§ Exercise directions: Your answer should be the exact lines of the data below from the one containing "为进一步提升团的组织力、引领" through the one containing "Serene Forest Stream: A"; please include nothing else.

§ Given records:
__________________________________________________

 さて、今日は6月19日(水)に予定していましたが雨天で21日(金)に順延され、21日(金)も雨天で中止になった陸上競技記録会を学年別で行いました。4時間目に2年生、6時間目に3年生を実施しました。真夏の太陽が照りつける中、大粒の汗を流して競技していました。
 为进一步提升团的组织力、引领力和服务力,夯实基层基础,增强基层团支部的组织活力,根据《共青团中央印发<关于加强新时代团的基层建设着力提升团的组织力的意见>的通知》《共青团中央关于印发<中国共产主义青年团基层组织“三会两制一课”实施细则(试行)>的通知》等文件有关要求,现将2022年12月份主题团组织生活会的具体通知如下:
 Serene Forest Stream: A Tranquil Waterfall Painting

__________________________________________________

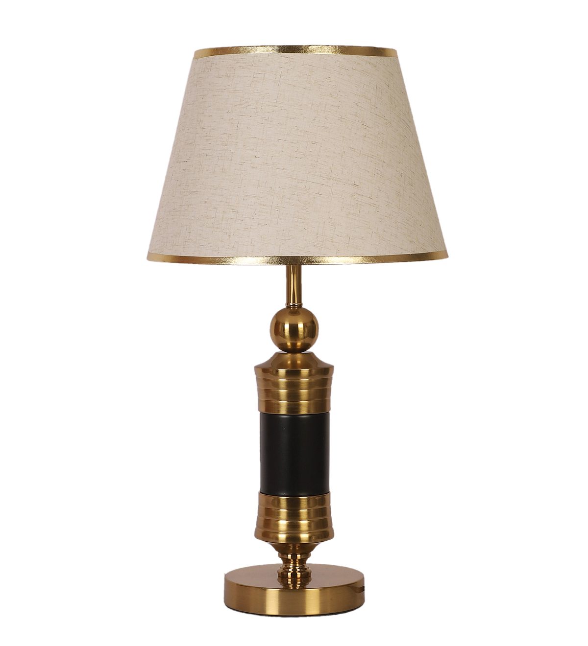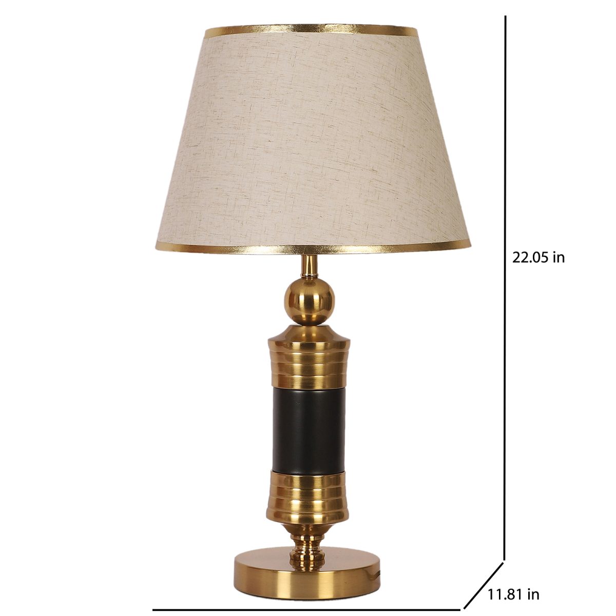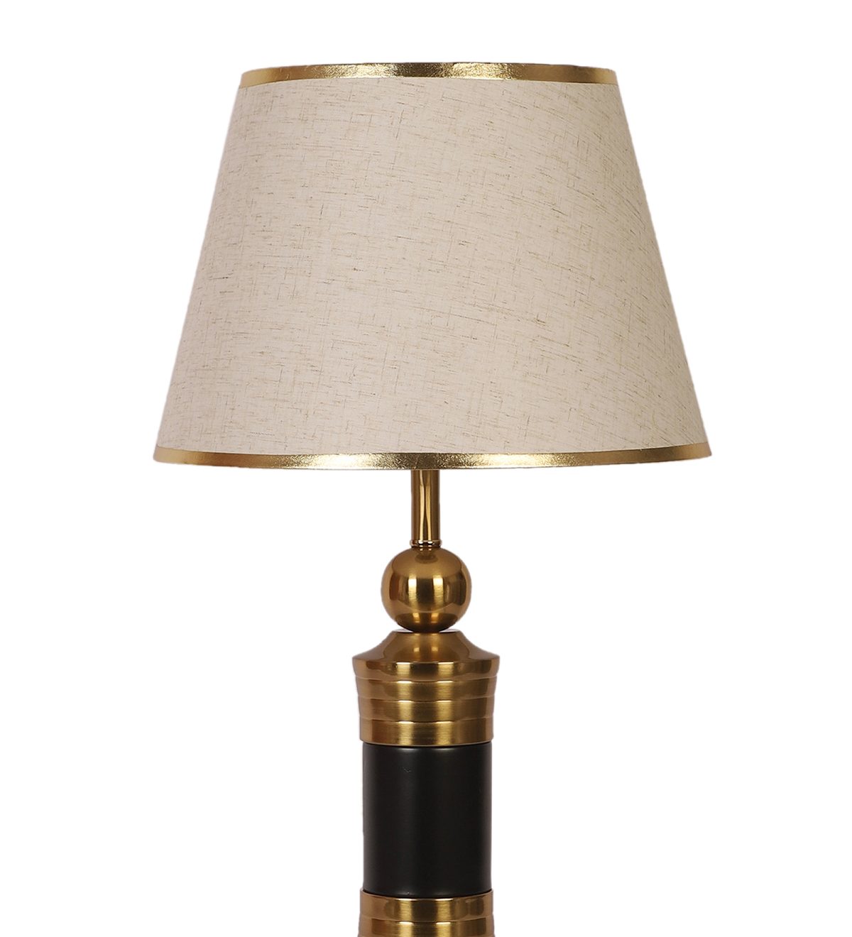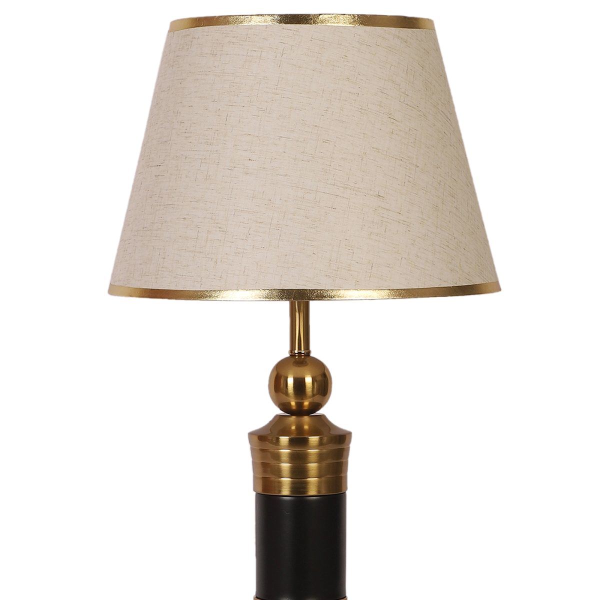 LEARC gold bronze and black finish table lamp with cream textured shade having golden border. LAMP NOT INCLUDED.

__________________________________________________

§ Output below:
 为进一步提升团的组织力、引领力和服务力,夯实基层基础,增强基层团支部的组织活力,根据《共青团中央印发<关于加强新时代团的基层建设着力提升团的组织力的意见>的通知》《共青团中央关于印发<中国共产主义青年团基层组织“三会两制一课”实施细则(试行)>的通知》等文件有关要求,现将2022年12月份主题团组织生活会的具体通知如下:
 Serene Forest Stream: A Tranquil Waterfall Painting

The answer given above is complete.